Abstract

Networks are used extensively in the study of biological systems to address a wide range of questions such as understanding the complex behaviour of a given system or identifying key alterations leading to a disease phenotype. Numerous network-based methods have been developed for inferring molecular interactions using transcriptomic and proteomic data. Different network methods come with their own advantages and limitations, and often give different results for the same data.
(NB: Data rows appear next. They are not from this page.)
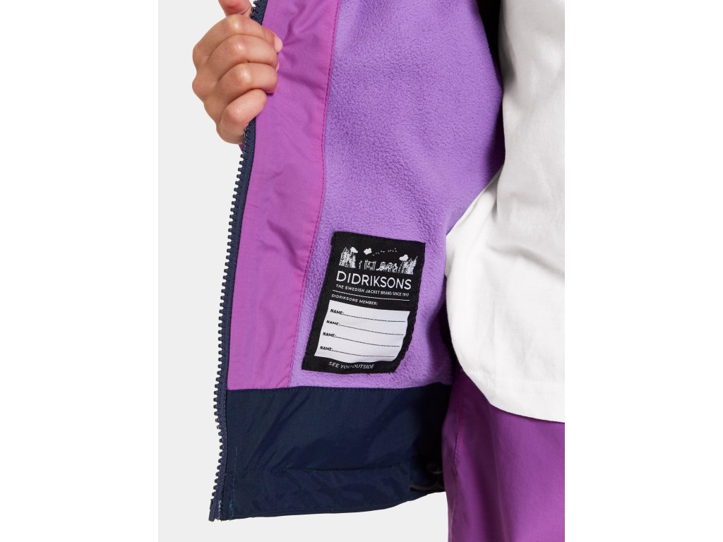 Detská nepremokavá bunda Didriksons Enso v kombinácii fialovej a tmavo modrej farby - univerzálny kúsok vhodný na prechodové obdobie - jar a jeseň . Je vetruodolná a 100% nepremokavá. Jemná fleecová podšívka príjemne zahreje a nehryzie. Ako jedna z mála detských búnd má vrecká, ktoré deti jednoducho milujú - môžu si so sebou vziať všetky svoje poklady. Odopínateľná kapucňa, ktorá je tiež zateplená fleecom.
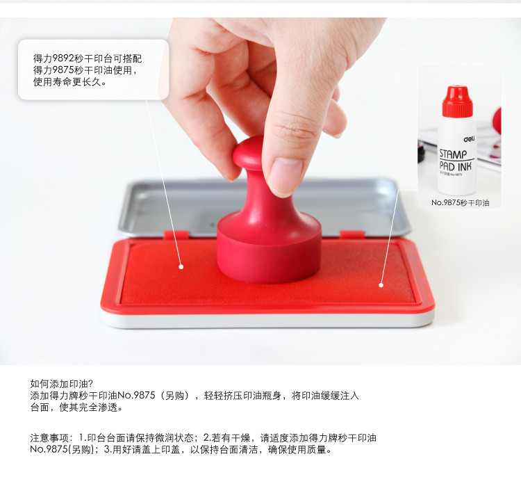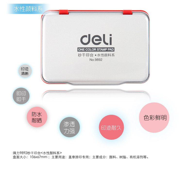 得力 9892 秒干快干印臺(tái) 67*107mm 紅色
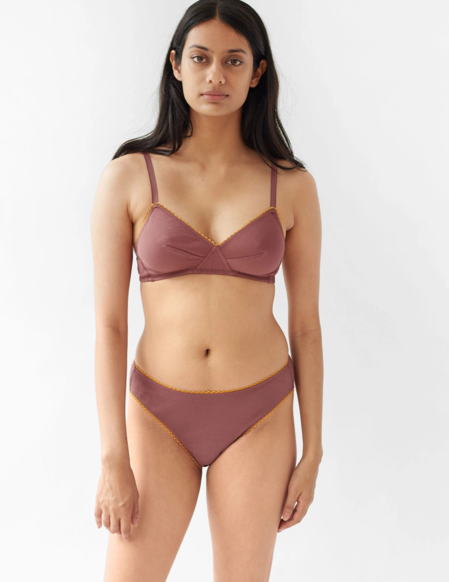 Cut from GOTS certified organic cotton rib fabric, the Antonia bralette made its debut in 2000, and to this day is sewn by the same hands in the same local factory. Organic cotton rib fabric is accompanied by playful crochet trim detailing for a bralette that is sustainable, feminine and comfortable. Wear it with the matching Isabella Panty or Mabel Hipster. See additional colorways.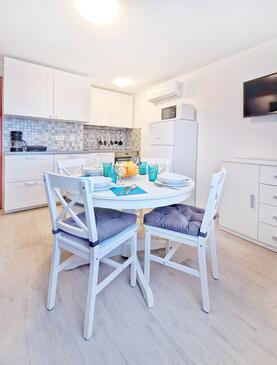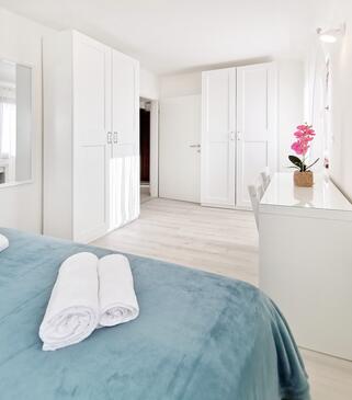 Ferienwohnung bietet Platz für 6 Gäste. Die Betten sind in Schlafzimmern, die es 3 gibt, innerhalb einer Gesamtfläche von 62m2, angeordnet. Die Gäste haben eine eigene Terrasse zur Verfügung, auf der sie in warmen Sommernächten genießen können. Es ist erlaubt, Speisen auf dem Gemeinschafts-Grill vorzubereiten.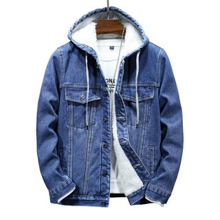 Ogfaour 데님 남자 자켓 남성 청자켓 코디 후드 루즈핏 재킷 청 겨울 윈드 브레이커 양털

A systematic study is essential to understand how the methods fare in terms of correctly predicting known biological processes and yielding testable biological hypotheses. To address this, we have carried out a comparison of four different methods to derive context-specific perturbations for two different case studies and evaluated their performance. The methods can be broadly classified into statistical inference and knowledge-based methods. Two of the four methods, WGCNA and ARACNE, belong to the broad class of data-driven approaches which do not rely on prior network information. On the other hand, ResponseNet and jActiveModules utilise knowledge-based protein–protein interaction networks and integrate condition-specific transcriptome or proteome data. We evaluated the interactions inferred through all the approaches and assessed their biological relevance based on three criteria: (1) enrichment of the gold standard gene sets, (2) comparison to gold standard pathways and (3) recovery of hub genes from the context-specific perturbed network, known to be related to the given condition. Comparing the performance of these four methods in two different cases, tuberculosis and melanoma, showed superior performance by ResponseNet, based on all three criteria.